The limitations mentioned above are not a limit of esXpress though, but more a limitation of dedup in itself. PHD choose to use online dedup (basically you dedup while you write), which will use CPU power during backup and restores. CPU power might even be the limiting factor in your backup speed. Luckily CPU power is usually available in abundance nowadays. I will dive deeper into performance and scaling of deduped installations in the next blogpost, which will hopefully prove that dedup really performs (like the setup using multiple FTP targets simultaneously described in my blogpost Scaling VMware hot-backups using esXpress).



The new version of esXpress 3.5 is in terms of speed and reliability on par with its predecessor version 3.1. It is still the only backup solution I know that has no Single Point of Failure, scales (REALLY scales) up to whatever size you want without any issues, and best of all: Once it works it KEEPS working with hardly any problems around VM snapshotting like some other backup solutions do have.

On top of all the good things that already were, a global GUI is added which manages all esXpress installs at the same time, and there is a Data Deduplication appliance which features a very well working single file restore option. I would like to have seen a file restore option in a non-dedup target as well. From what I’ve seen, online deduping costs a lot of CPU power, and the backup speeds go down because of this. Once the database is built though, things do get better (less data to backup because more and more blocks are already backup up in th dedup appliance). Still, calculations have to be done.

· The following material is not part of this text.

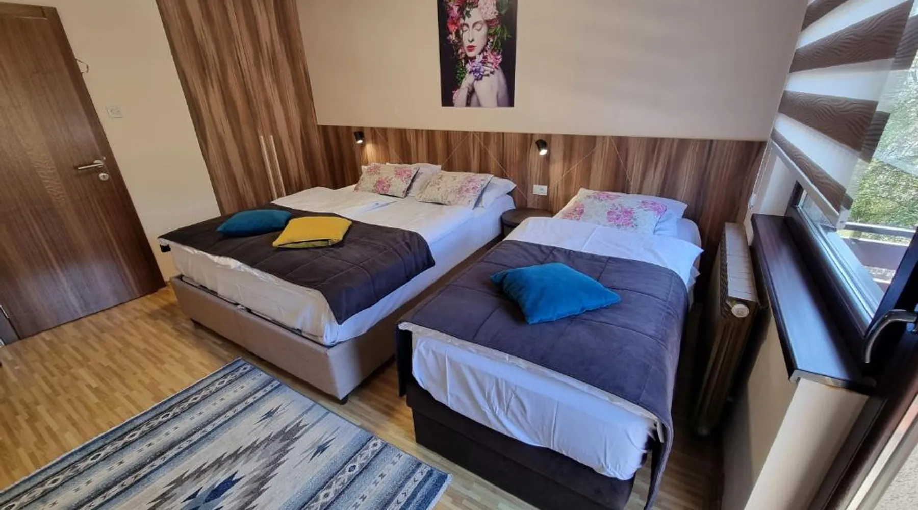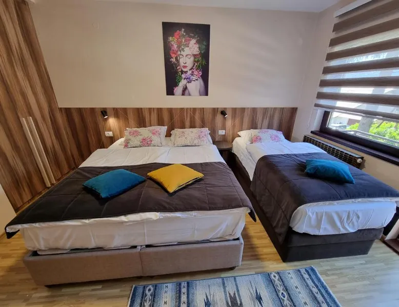 Spacious Accommodations: Olimpijada 84 Pale in Pale offers a spacious chalet with four bedrooms and two bathrooms. The living room features a sofa bed and a dining area, ensuring comfort for all guests. Outdoor Amenities: Guests can enjoy a sun terrace and a garden, perfect for relaxation. The property includes an outdoor fireplace, barbecue facilities, and free WiFi, enhancing the outdoor experience. Convenient Facilities: The chalet provides free on-site private parking, ski equipment hire, and family rooms. Additional amenities include a washing machine, kitchen, and dishwasher, catering to all needs. Local Attractions: Sarajevo International Airport is 14 mi away. Nearby attractions include Sebilj Fountain and Bascarsija Street, each 8.7 mi from the property. An ice-skating rink is also located in the surroundings. This chalet's special feature is the fireplace. This spacious chalet consists of 1 living room, 4 separate bedrooms and 2 bathrooms with a bath and a shower. Guests will find a stovetop, a refrigerator, a dishwasher and kitchenware in the kitchen. The chalet also provides guests with a barbecue. Featuring a terrace with garden views, this chalet also provides a washing machine and a flat-screen TV. The unit offers 6 beds.

In a smaller environment, the dedup appliance is no match for a set of non-dedupping FTP targets. This is a drawback from which any dedup system suffers… It is just the way the “thingy” works. Still I see a solid future for esXpresses PHDD dedup targets where speed is not of the utmost importance.

Make no mistake on backup speeds: IF esXpress and its backup targets are designed and configured properly, it is by far the fastest full-VM backup solution I’ve seen. It does not mess with taking backups through the service console network, it creates Virtual Appliances runtime that perform the backups – and many in parallel. If you want to see real backup speed from esXpress, do not test it on a single VM like some people tend to do when comparing. If you do, speeds are about on par with other 3rd party vendors. But when scaled up to make 8 or more backups in parallel to several backup targets with matched bandwidth, esXpress will start to shine and leave the competition far behind.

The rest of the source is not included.